If we are going to put a name on the next decade, I guess we can call it the “Human Technology” era. This will be a time where we see the rapid evolution of relatable products that suit a wide variety of personal preferences, and technologies aspire to improve the way we live. We currently see how the evolution of technologies are widening the gap between lifestyles and human instincts, and we see an emotional halation spreading. To fill this gap, I believe we will see from now onwards creative work that uses technologies as tools — to draw out “humanity” and emotions that are universal to all human beings — being evaluated highly.
Which city is going to be the “melting pot” of ideas and creativity”? Are there already some new geniuses showing up?
With the evolution of digital platforms, I believe the concept of “city” does not fit the creative scene anymore. If we’re talking about focusing on “people” instead of the “city”. I’m paying a lot of attention to Kaname Hayashi, President of GROOVE X. With “drawing out human capabilities through robotics” as his mission, Mr. Hayashi is a creator who is developing “LOVOT”, a robot that serves as a human emotion companion instead of focusing on functionality. I believe we’ve reached a stage where we look for emotional/spiritual richness, exactly since we’ve obtained that luxury due to technological evolution. The reason why TikTok is embraced globally, because it stimulates people’s emotional senses, instead of focusing on functionalities. I believe we are going to see the arrival of a new era, where tech and creative influence each other.

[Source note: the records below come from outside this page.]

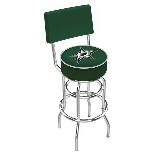 Made for the ultimate sports fan, you will be proud to show where your loyalty lies with this impressive Officially Licensed stool from the Holland Bar Stool Co. This retro L7C4 stool has a 5" cushion with a classic double-ring base and a cushioned back to achieve maximum comfort and support. A state of the art print process is used in applying specially formulated UV vinyl ink in numerous stages to produce a sharp, crisp, clear image to ensure a perfect reproduction of the logo. You won't find a higher quality logo stool on the market. The frame is made from commercial grade steel that is strong, durable, and triple chrome-plated to guarantee a long-lasting, rich finish capable of withstanding the abuse of your rowdiest of friends for years to come. The cushion seat and backs are of the highest quality as well, utilizing a breathable, commercial grade vinyl. At the heart of the cushion is highly-dense foam that provides maximum support and will not breakdown in a couple years. If you're going to finish your bar, game room, or man cave do it right- with a logo stool made by the Holland Bar Stool Co.
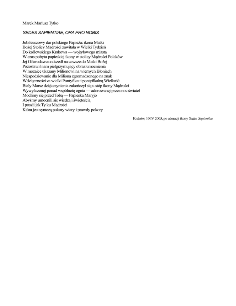 Marek Mariusz Tytko SEDES SAPIENTIAE, ORA PRO NOBIS Jubileuszowy dar polskiego Papieża: ikona Matki Bożej Stolicy Mądrości zawitała w Wielki Tydzień Do królewskiego Krakowa — wojtyłowego miasta W czas pobytu papieskiej ikony w stolicy Mądrości Polaków Jej Ofiarodawca odszedł na zawsze do Matki Bożej Pozostawił nam pielgrzymujący obraz umocnienia W mozaice ukazany Milionowi na wiernych Błoniach Niespodziewanie dla Miliona zgromadzonego na znak Wdzięczności za wielki Pontyfikat i pontyfikalną Wielkość Biały Marsz dziękczynienia zakończył się u stóp ikony Mądrości Wywyższonej ponad wspólnotę ognia — adorowanej przez noc świateł Modlimy się przed Tobą — Papieska Maryjo Abyśmy umocnili się wiedzą i świętością I poszli jak Ty ku Mądrości Która jest syntezą pokory wiary i prawdy pokory Kraków, 10 IV 2005, po adoracji ikony Sedes Sapientiae
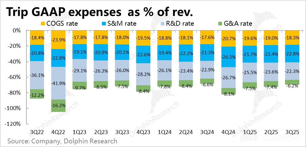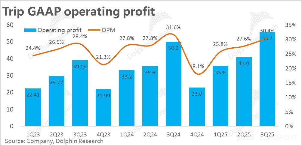 Under GAAP, due to the contraction phase of gross margin and the expansion phase of expenses, this quarter, Trip.com's GAAP operating profit margin narrowed by 1.2 percentage points year-on-year, with operating profit increasing by 11% year-on-year to 5.57 billion yuan.
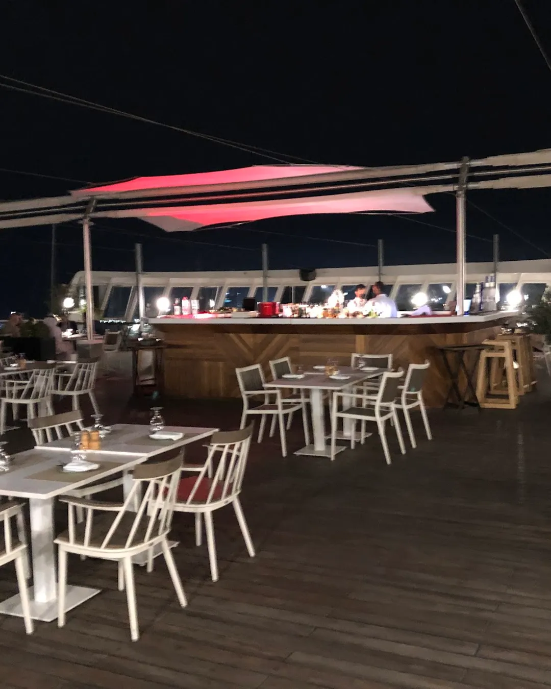 Step aboard the legendary Queen Elizabeth 2 and find your way to The Pavilion, a stunning outdoor lounge on the lower aft deck. Here, you can unwind under the stars with incredible views of the Mina Rashid Yacht Club and the glittering Dubai skyline. It's the perfect spot to enjoy Mediterranean-inspired bites and drinks in a truly unique setting that was once the ship's swimming pool.

We’ve reached a stage where we look for emotional/spiritual richness, exactly since we’ve obtained that luxury due to technological evolution.
Finally, what can we as creative people do to ensure that innovation and excellent communication continue to be linked to the notion of “Made in Germany”?
Starting out with the Bauhaus movement, Germany has impacted the world in many ways, in various artistic and cultural fields. I myself, a Japanese, am another who has been influenced by “Made in Germany”. I actually spent some time in the German creative industry and had many precious experiences there. Out of them, the words given to me from a German designer I respect — “Creativity is the ability to imagine others”— is what molds me as a creator today. The reason why “Made in Germany” are loved all over the world is because they’re based on creative thought out with human beings at the center. Designed to be mindful of the people who will use the products; functionalities and shapes that are well-considered and thoroughly thought out in fine detail. These simple forms created as a result of ultimate organization are the crystalized form of being considerate towards people. Some critics say that consideration, by which I mean the inherent capacity in human beings to respect the emotions and experiences of others, is deteriorating because of tech. However, it’s undeniable that the evolution of technology is broadening the horizons for opportunities for creators, in a definitive way. If you pursue innovation while utilizing technologies as tools in a positive way, keeping human-centric philosophies nurtured in Germany, then naturally, “Made in Germany” and high-quality communications can continue to work together.